Matthew may have shivered. He wasn’t sure, but it was cold in here and the blanket was thin. “How did you get in?”
One of the men, the very same who’d thrown his lantern at Matthew’s head, gave a little chuckle. Prideful, Matthew thought. “Lockpicking is Croydon’s claim to art,” Sirki said. “A low claim, but there it is anyway. As for the two unfortunates who spend the night here watching over their charges, the fat woman and the thin man are both sleeping soundly.”
“You’ve killed them?”
“Not at all! Unless a gift of tea from India could be considered deathly. I had occasion to speak to Dr. Polliver this afternoon. I offered up this gift as a token of friendship. Also the tea has healing powers I thought he might care to try. Possibly he’s sleeping very soundly in his bed at home.”
Drugged tea, Matthew thought. Of course. Fell’s people relied on drugs to move their mountains.

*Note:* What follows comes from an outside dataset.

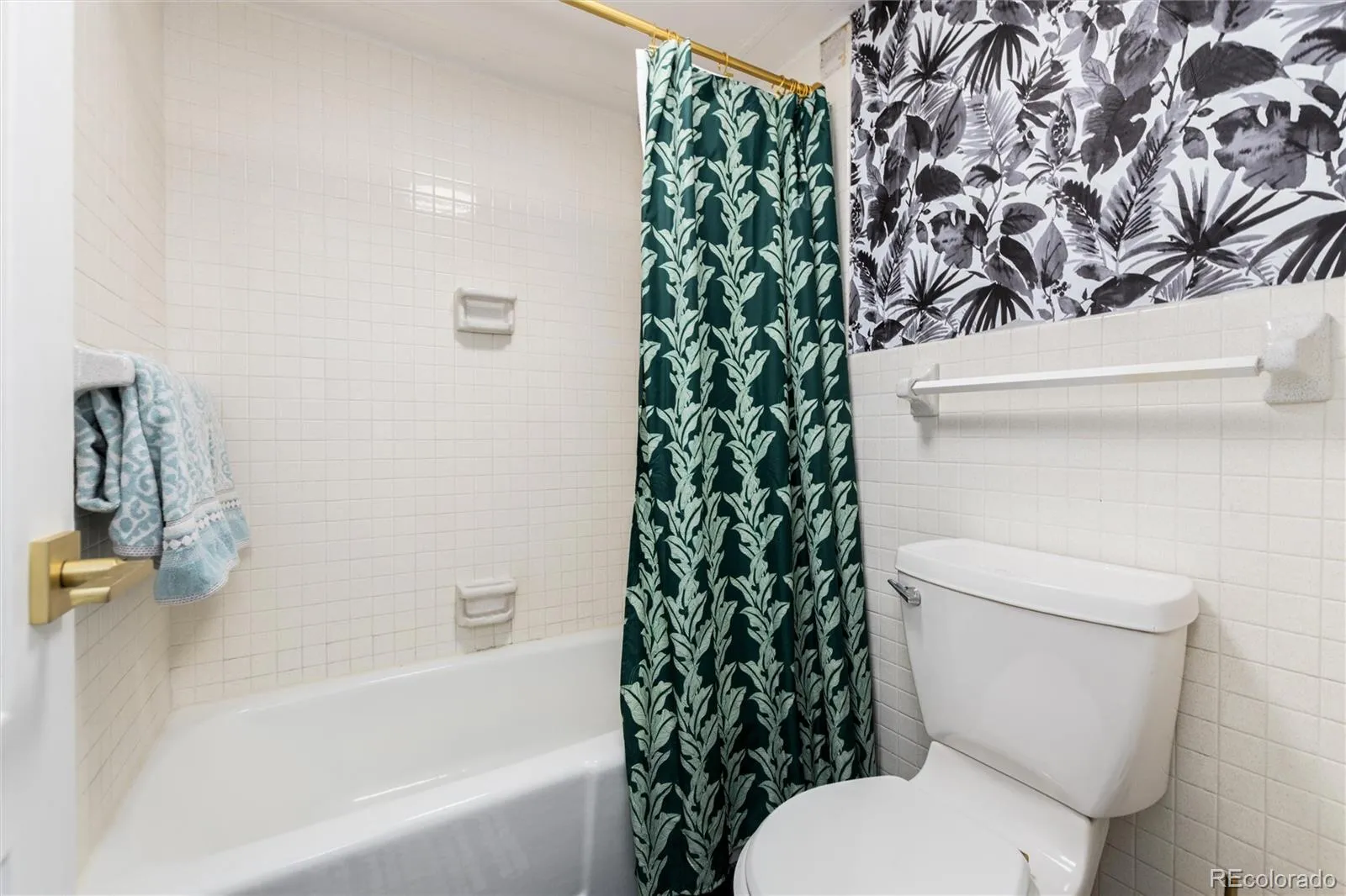 the living space. The bathroom features updated tile flooring and sleek newer quartz countertop for a clean, contemporary

“The professor,” said Sirki, “wants you. He needs you, really. Because you seem to…um…get results, shall we say. And you’ve impressed him, Matthew. So now I shall tell you that it is time for your choice. One of three. Yourself, the stable or the boarding house. And yourself shall be returned here after this business is completed, whereas the others…sadly beyond the point of return. We have the key to your house, taken from Dr. Polliver’s safebox. Croydon will go to your miniature abode and remove whatever clothing you might need. You will be taken to a waiting boat, to be rowed out to meet the larger vessel. All we require you to do at the moment is roll onto this stretcher.”